The D19 is no small thing. It measures more than 5.2 metres long and almost two metres wide, with either six- or seven-seat layouts, putting it firmly in large SUV territory.
Leapmotor has not confirmed the D19 for Australia, but the brand says the model is already being studied for overseas markets, including ours.
“In Australia, it could work,” said Francesco Giacalone, Leapmotor International’s global head of brand strategy, product and marketing.
“The Middle East, of course, is a market. South America is interested.
“Definitely it’s a flagship right now. And wherever there is appetite, we will try to be there.”

Logical rivals for the D19 in Australia could include the Toyota LandCruiser, incoming Nissan Patrol, the Denza B8 and a panapoly of luxury SUVs that the Leapmotor would undoubtedly undercut on price.

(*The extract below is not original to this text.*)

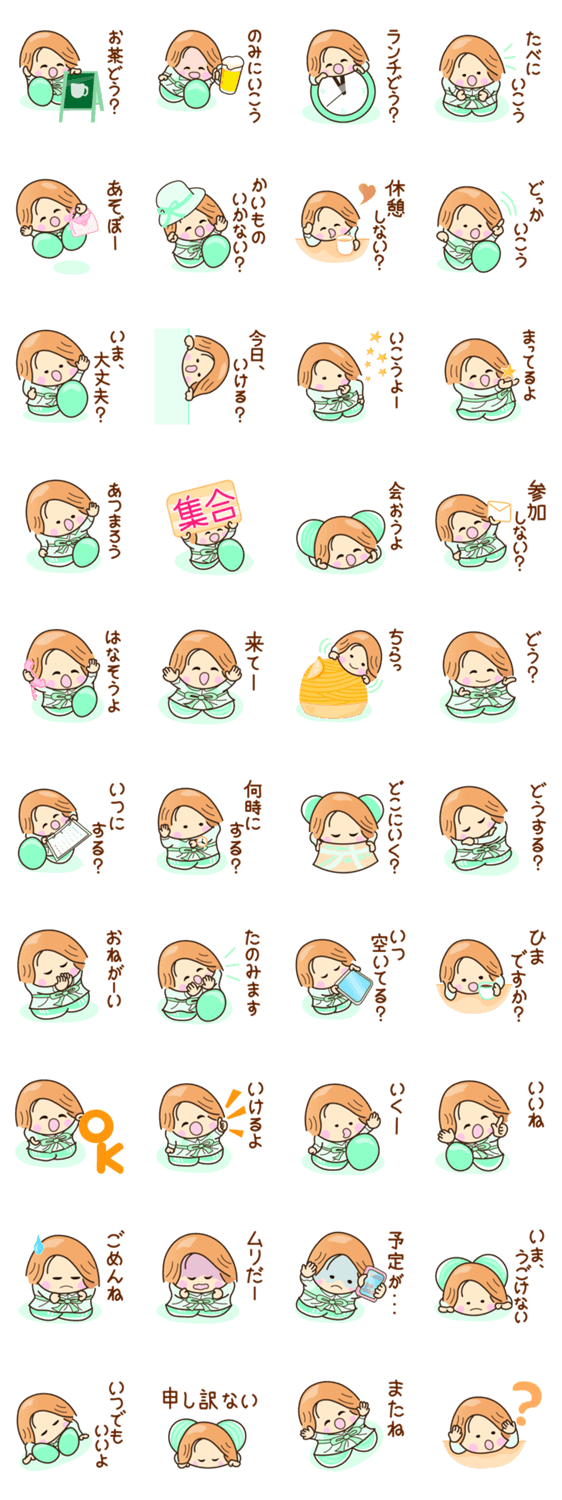 お誘いや返事の場面でつかいやすいスタンプです。 お茶どう?/のみにいこう/ランチどう?/たべにいこう/あそぼー/かいものいかない?/休憩しない?/どっかいこう 等です

The timing could be surprisingly quick, too. Giacalone said localisation for overseas markets would take nine to 12 months after the model’s Chinese launch, suggesting an Australian arrival could theoretically happen as early as 2027 if the green light is given soon.

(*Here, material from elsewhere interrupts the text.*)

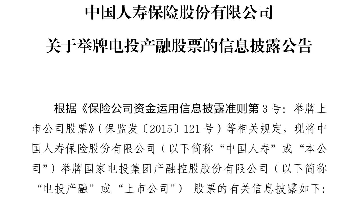 時(shí)隔兩年,中國(guó)人壽保險(xiǎn)股份有限公司(以下簡(jiǎn)稱“中國(guó)人壽”)再次舉牌上市公司。這一次的舉牌對(duì)象是國(guó)家電投集團(tuán)產(chǎn)融控股股份有限公司(證券簡(jiǎn)稱“電投產(chǎn)融”,證券代碼000958)。

That would give Leapmotor a very different kind of product to sit above the C10 and B10 SUVs, and the B05 warm hatch that will arrive later this year.
The range-extender version uses a 1.5-litre turbo-petrol engine as a generator, feeding power to the battery and electric motors rather than behaving like a conventional hybrid system.

Total system outputs are a claimed 300kW and 520Nm, with Leapmotor quoting a combined driving range of about 1300km on a full battery and tank.
There are full-electric versions, too, including dual- and tri-motor models. The most powerful version produces a claimed 540kW and 745Nm, with a sub-four-second 0-100km/h sprint and up to 720km of CLTC driving range.
Chinese pricing for the range-extender starts from 210,800 yuan, or about $45,000 at current exchange rates, though any Australian price would be higher than a straight calculation.